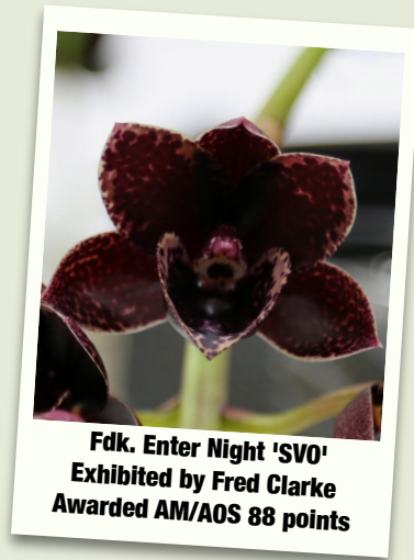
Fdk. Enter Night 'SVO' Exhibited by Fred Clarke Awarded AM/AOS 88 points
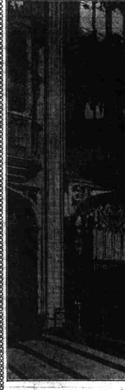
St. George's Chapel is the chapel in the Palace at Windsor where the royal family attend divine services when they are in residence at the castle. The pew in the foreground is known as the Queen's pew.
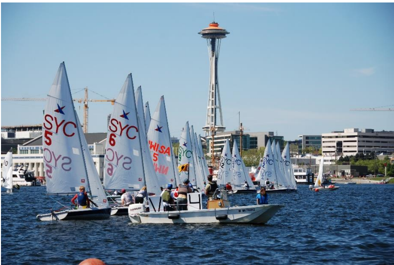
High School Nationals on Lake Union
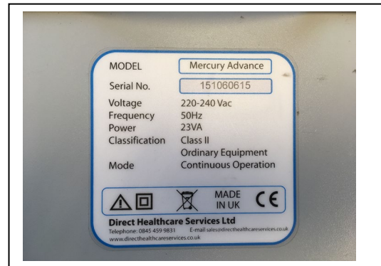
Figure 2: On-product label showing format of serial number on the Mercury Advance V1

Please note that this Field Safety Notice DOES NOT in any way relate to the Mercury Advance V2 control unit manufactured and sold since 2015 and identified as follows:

▶ ACTIVITY:
Throughout the data above, copy all lines where the word "Advance" is found.

▶ EXERCISE SOLUTION:
Figure 2: On-product label showing format of serial number on the Mercury Advance V1
Please note that this Field Safety Notice DOES NOT in any way relate to the Mercury Advance V2 control unit manufactured and sold since 2015 and identified as follows:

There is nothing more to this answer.